Rowley is the deputy general manager of the Clark County Regional Flood Control District, which includes Las Vegas. The agency aims to reduce flood risks associated with heavy rainfall, which can lead to rapid runoff on streets and into low‑lying areas. During intense storms, water can rise quickly in county streets, creating dangerous travel conditions and occasionally trapping vehicles.
After his presentation about how to build flood-resilient communities, Rowley stayed to listen to a talk by Troy Lyons, associate director of IIHR—Hydroscience and Engineering at the University of Iowa. Lyons’ presentation centered on IIHR’s most recent project for the Ohio Department of Transportation, in which engineers built a full-scale replica of a roadway to determine how best to alleviate water buildup on highways.
Rowley knew immediately that the District could benefit from the IIHR’s work.
“Troy was presenting a project where they had built a flume, basically replicating a roadway, and were testing different kind of inlets,” Rowley relates. “I leaned over to a colleague and said, ‘Wow, that's exactly the kind of thing we'd like to learn about.’”
After chatting at the conference and during a subsequent visit to IIHR’s facilities, Clark County signed on, becoming the latest partner to enlist IIHR’s stormwater expertise. For nearly a century, IIHR researchers have worked with cities from Keokuk to St. Louis to London, testing models, running simulations, and building full-scale designs for drop shafts, overflow tunnels, and pump stations. Their innovations have secured patents that help cities manage stormwater flow and discharge excess water more efficiently.
“As our nation and the world continue to experience population growth and new infrastructure demands and needs in these urban areas, there are many challenges that come with that,” Lyons says. “We have a rich history here at Iowa of doing fundamental work in hydraulics as well as working with industry on applied research, so I think we're uniquely positioned to help address and investigate those challenges.”

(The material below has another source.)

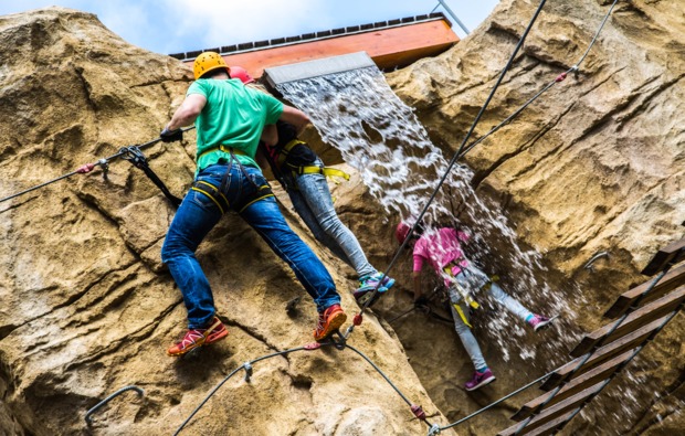 Klettern in der Outdoor-Bergwelt (10 Kletterrouten am Felsen, 8 Erlebnishöhlen, 1000 natürliche Griff- und Trittstrukturen, 7m hoher Wasserfall, Gipfelkreuz mit Gipfelbuch)

Leading the world in hydroscience research and education
IIHR—Hydroscience and Engineering is an internationally renowned laboratory where researchers are solving some of our world’s greatest fluids-related challenges. This expertise has been applied within Iowa’s borders and across the globe.
A track record built at Iowa
The city of Dubuque, Iowa, came to IIHR seeking help for a major challenge arising from a concentrated urban watershed.
The Bee Branch Creek watershed encompasses water captured in the bluffs overlooking the Mississippi River through historic city neighborhoods before pooling into a basin adjacent to the Mississippi. As Dubuque grew, increasing amounts of water overwhelmed the city’s aging and undersized storm sewer system.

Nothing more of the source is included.